We now have "arsed" Sep 1968 and "asked" Jan 1979. (It's interesting that Keith Jarrett adds an additional American twist.)



suzi br said:


> Hmm
> And maybe the editors don’t like ARSE in their magazine so they spell it with a K.
> 
> The careless sprinkling of 4 letter words we get in modern media was not so common in the 1970s.


 
That's a very relevant point Suzi.

[Cross-posted with Edinburgher, who also makes a relevant and interesting comment.]


----------



## James Brandon

Many people think -- mistakenly, it would appear -- that 'asked' is the polite form or the decaf form for 'arsed', precisely.
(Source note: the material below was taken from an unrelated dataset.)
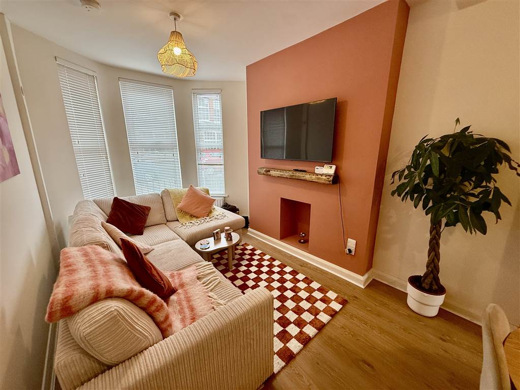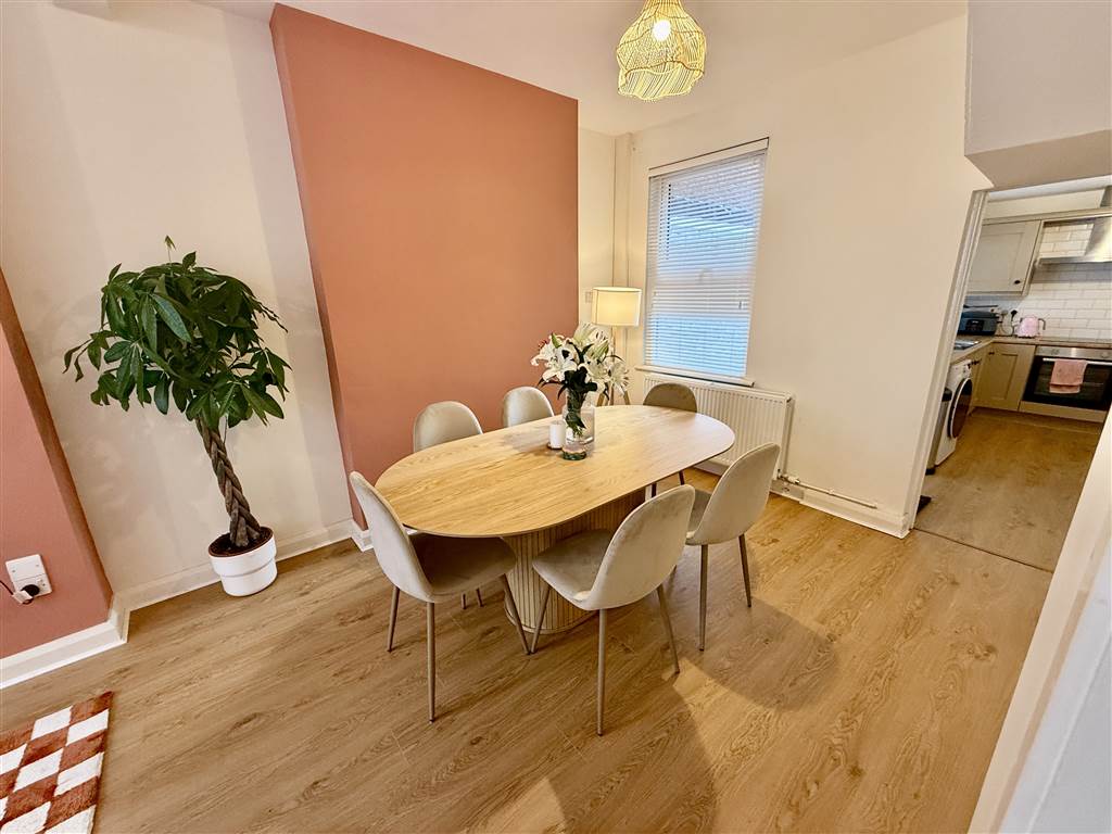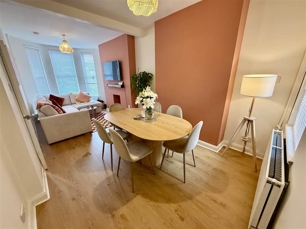 Hole in wall fireplace, laminate wooden floor, bay window, ample dining area, under stairs storage.

Contributors to this Thread have argued, in the main, that the correct form is indeed 'arsed' -- and 'asked' has no place.


----------



## Trochfa

Well, here's an interesting slant.

_Trotty's Wedding Tour, and Story Book_ published in 1873 and written by Elizabeth Stuart Phelps Ward (an early feminist American author).
Elizabeth Stuart Phelps Ward - Wikipedia

The minister says to Trotty and Nita who have just been divorced on a stone wall (don't ask! ):
_"*You can both* two of you *marry again.*_"...
_So Trotty, Nita and Nate got down from the stone wall (with some difficulty), and the minister walked thoughtfully away.
"You'd better go too," said the bridegroom; for Miss Higgins had boldly climbed over the wall by this time and was twisting her curls over a slate-pencil with a killing air.
*"I wasn't arsed!"* said the poor little widow; but she, too, walked mournfully away._

_Trotty's Wedding Tour, and Story-book
_
Slightly different I know, but with the similar meaning of "I wasn't bothered".


----------



## Loob

Isn't that "I wasn't asked" in the sense "Nobody asked me", Trochfa?


----------



## Trochfa

No, I don't think so Loob. The man has suddenly become available for marriage, she jumps over the wall and starts playing all coy, and he says "you may as well go".  i.e. "I'm not interested in marrying you" to which she then replies "I wasn't arsed [anyway]!" (I wasn't bothered anyway!) which is funny because she obviously was enough to hang around and see the man become divorced and then climb over the wall and start making doe eyes. She knows she wasn't asked because, well, nobody asked her.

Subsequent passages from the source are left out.